BEGIN TASK DATA

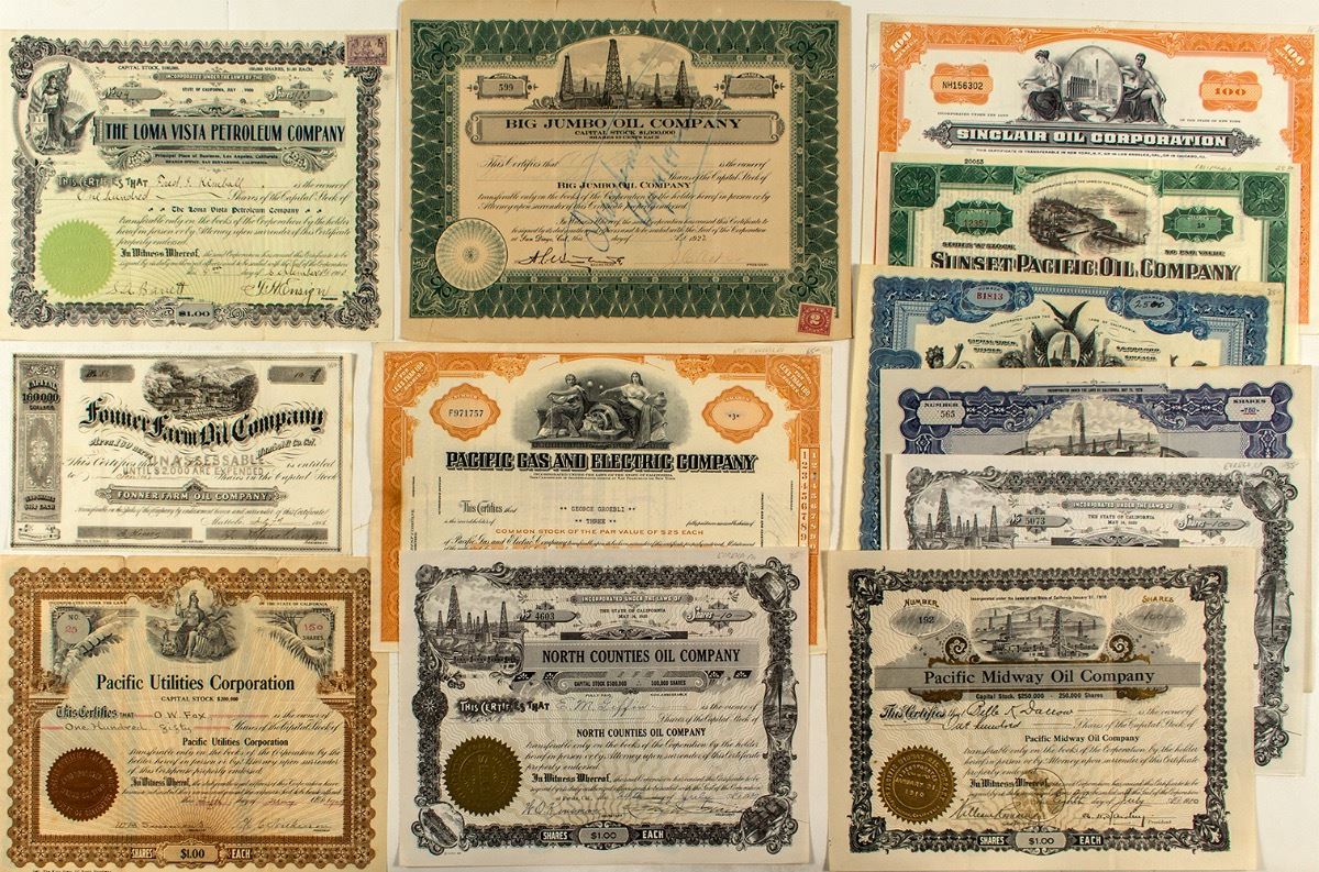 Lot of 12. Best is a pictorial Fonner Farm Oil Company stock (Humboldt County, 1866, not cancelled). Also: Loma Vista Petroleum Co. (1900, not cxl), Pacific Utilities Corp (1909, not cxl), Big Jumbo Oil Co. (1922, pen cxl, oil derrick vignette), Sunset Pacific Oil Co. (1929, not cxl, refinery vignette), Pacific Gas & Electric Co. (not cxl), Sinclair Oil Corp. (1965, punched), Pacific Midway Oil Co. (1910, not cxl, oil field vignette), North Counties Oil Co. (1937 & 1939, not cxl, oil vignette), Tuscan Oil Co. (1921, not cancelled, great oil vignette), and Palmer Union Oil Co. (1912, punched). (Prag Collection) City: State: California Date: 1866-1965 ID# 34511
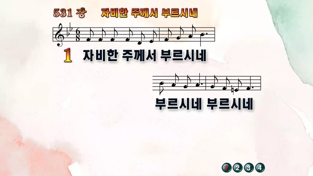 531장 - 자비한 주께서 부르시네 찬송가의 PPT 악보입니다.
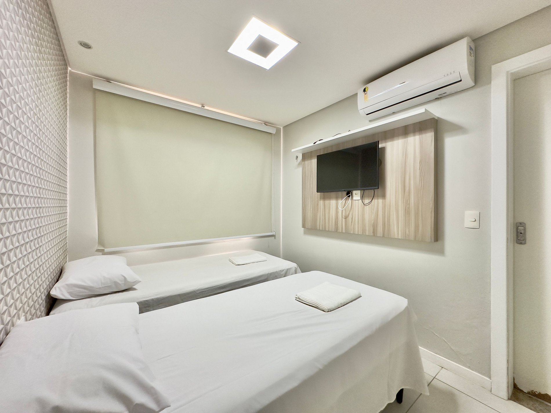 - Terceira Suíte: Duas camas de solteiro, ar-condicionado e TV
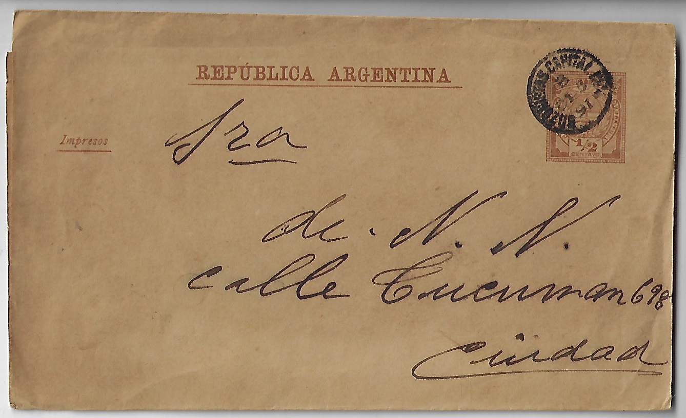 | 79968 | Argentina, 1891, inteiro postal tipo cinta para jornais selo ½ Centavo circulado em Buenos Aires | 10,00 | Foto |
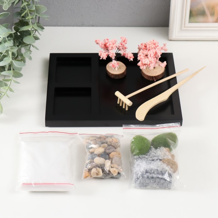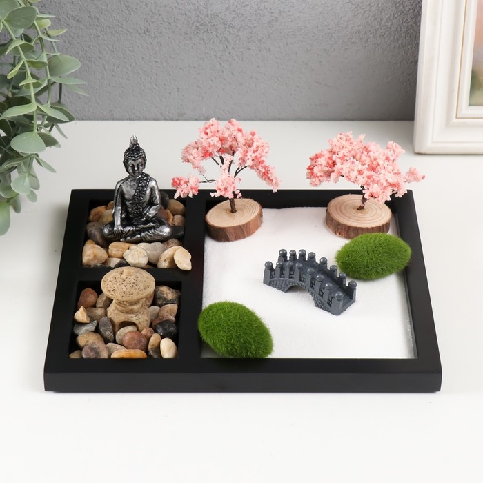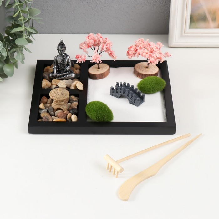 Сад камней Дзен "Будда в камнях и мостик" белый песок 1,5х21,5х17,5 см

END TASK DATA
BEGIN TASK DATA

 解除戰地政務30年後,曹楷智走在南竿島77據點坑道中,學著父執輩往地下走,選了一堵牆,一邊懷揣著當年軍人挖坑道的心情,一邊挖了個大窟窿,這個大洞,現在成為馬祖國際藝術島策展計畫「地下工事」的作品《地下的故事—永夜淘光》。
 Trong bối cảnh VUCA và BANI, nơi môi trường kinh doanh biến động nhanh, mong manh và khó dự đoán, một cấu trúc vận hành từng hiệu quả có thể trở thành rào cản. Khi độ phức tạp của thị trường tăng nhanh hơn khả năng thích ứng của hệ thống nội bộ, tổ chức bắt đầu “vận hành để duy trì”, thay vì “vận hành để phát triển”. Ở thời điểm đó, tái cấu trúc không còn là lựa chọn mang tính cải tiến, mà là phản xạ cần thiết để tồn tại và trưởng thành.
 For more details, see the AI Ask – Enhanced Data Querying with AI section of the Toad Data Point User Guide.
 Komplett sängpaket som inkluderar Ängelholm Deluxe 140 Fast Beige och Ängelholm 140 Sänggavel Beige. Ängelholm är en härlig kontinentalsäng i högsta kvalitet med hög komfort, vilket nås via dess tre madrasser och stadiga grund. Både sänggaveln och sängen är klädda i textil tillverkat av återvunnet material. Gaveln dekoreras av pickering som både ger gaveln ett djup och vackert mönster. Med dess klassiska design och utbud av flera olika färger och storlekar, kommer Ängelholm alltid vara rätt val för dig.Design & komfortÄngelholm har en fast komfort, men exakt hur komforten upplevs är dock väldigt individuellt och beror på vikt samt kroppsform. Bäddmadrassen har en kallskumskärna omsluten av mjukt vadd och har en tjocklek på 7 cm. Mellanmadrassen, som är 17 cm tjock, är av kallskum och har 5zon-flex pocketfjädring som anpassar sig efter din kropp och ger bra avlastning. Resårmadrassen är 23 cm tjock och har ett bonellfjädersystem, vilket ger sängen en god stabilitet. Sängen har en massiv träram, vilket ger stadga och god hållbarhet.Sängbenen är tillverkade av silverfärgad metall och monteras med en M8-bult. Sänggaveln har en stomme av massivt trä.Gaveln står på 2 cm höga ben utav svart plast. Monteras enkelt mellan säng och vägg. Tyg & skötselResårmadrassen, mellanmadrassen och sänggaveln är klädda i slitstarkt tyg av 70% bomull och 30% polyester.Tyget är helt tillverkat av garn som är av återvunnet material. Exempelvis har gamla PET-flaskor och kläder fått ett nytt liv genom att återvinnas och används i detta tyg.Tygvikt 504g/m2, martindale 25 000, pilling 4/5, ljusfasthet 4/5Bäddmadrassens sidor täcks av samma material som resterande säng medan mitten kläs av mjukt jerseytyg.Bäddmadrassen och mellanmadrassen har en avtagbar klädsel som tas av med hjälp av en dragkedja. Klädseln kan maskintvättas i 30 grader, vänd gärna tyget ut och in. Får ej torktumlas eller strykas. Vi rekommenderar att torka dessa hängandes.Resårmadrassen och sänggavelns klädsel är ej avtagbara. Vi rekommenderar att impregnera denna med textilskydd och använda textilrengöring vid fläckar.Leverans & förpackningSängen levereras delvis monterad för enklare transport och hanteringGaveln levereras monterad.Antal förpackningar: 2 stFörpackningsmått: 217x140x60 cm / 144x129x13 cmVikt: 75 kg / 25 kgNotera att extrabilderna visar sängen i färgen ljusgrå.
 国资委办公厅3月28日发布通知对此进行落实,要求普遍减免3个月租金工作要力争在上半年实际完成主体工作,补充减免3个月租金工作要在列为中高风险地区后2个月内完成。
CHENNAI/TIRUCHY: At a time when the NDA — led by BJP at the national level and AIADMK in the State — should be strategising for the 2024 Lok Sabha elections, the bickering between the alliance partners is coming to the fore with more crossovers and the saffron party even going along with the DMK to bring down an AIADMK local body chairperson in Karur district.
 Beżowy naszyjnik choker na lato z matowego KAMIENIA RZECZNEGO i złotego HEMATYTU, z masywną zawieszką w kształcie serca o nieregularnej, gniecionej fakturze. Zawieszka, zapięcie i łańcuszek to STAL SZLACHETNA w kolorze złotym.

END TASK DATA

» **INSTRUCTIONS FOR THE TASK**:
Within these records, how many lines include the word "more"? The reply should be that number alone.

» **EXPECTED OUTPUT**:
2